WHAT TO DO: With the pictures left out, transcribe exactly the lines from the one with "稍等,有一点奇怪的地方。正如你知道的,在这种情况下,我们的 Activity 中,一个被附加的" through the end of the data.

DATA BELOW:
++++

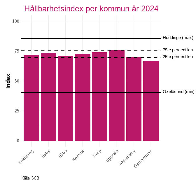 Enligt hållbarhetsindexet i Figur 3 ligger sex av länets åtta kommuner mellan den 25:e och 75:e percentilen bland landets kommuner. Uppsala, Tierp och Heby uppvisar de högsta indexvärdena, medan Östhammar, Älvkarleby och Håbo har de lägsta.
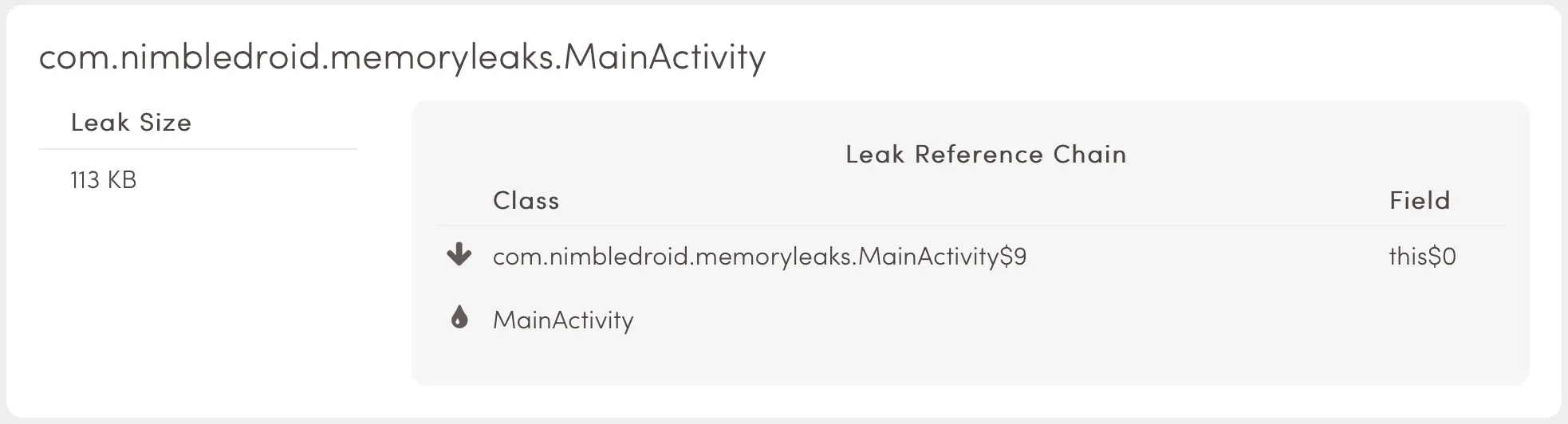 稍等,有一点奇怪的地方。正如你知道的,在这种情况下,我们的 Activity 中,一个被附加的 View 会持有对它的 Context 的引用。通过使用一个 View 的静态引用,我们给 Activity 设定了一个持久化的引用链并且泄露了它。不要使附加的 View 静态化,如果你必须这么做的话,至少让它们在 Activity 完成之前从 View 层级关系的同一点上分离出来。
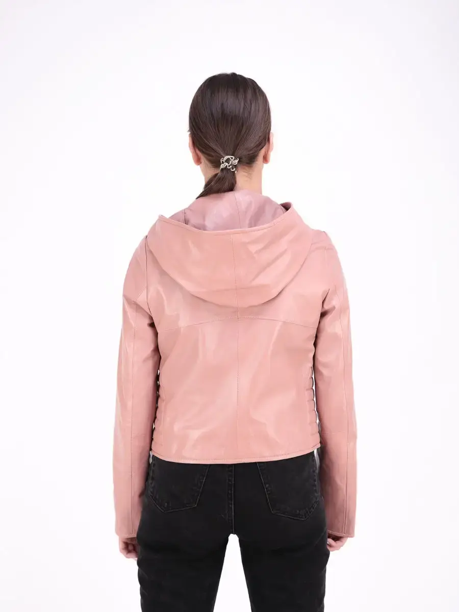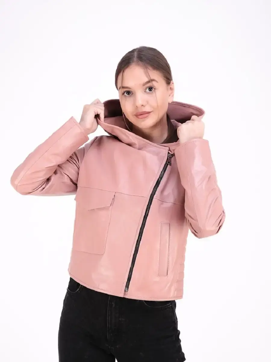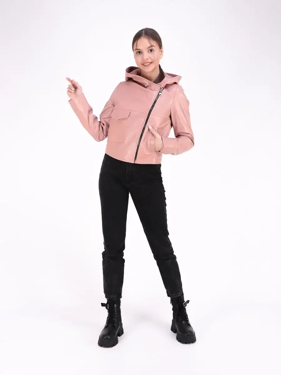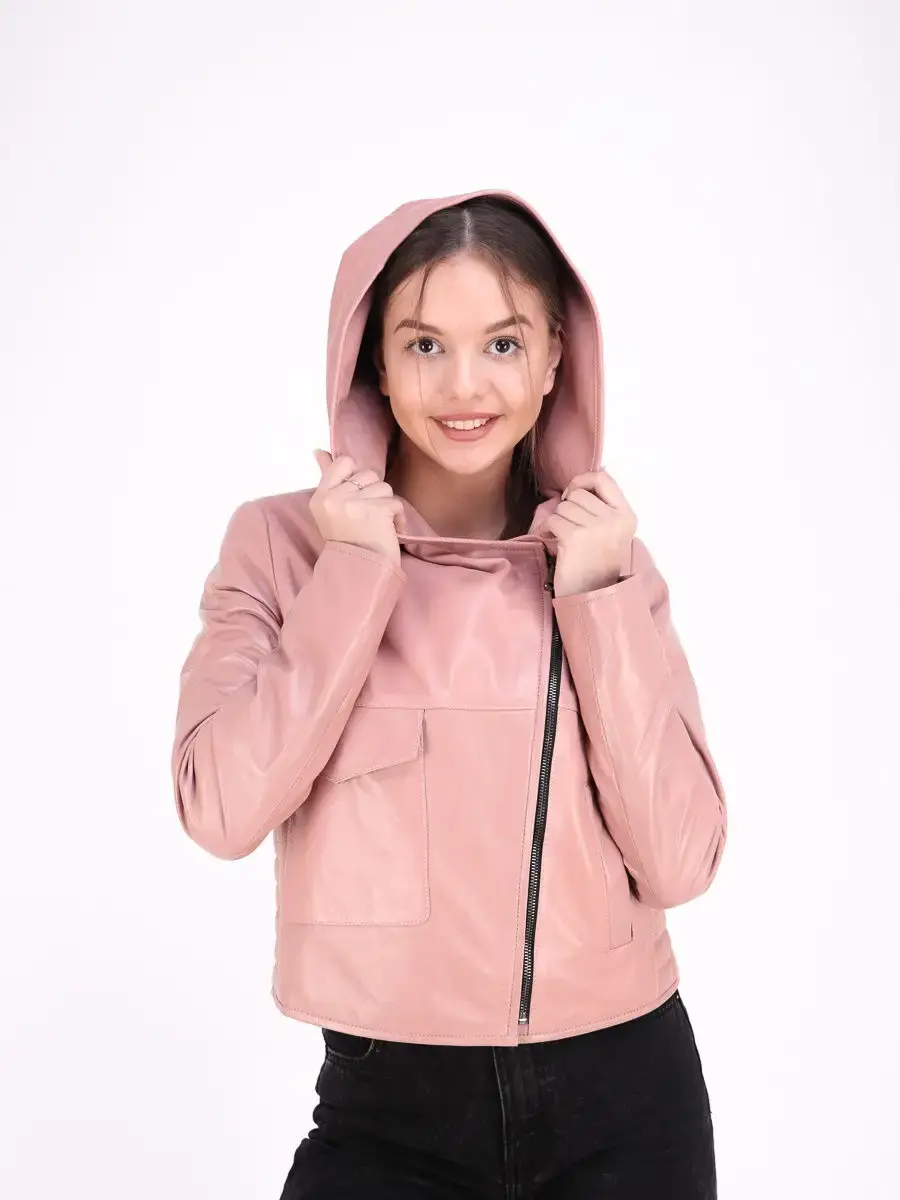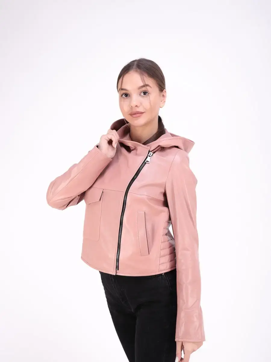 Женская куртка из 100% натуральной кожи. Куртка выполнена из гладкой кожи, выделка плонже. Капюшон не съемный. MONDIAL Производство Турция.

++++

EXERCISE OUTPUT:
 稍等,有一点奇怪的地方。正如你知道的,在这种情况下,我们的 Activity 中,一个被附加的 View 会持有对它的 Context 的引用。通过使用一个 View 的静态引用,我们给 Activity 设定了一个持久化的引用链并且泄露了它。不要使附加的 View 静态化,如果你必须这么做的话,至少让它们在 Activity 完成之前从 View 层级关系的同一点上分离出来。
 Женская куртка из 100% натуральной кожи. Куртка выполнена из гладкой кожи, выделка плонже. Капюшон не съемный. MONDIAL Производство Турция.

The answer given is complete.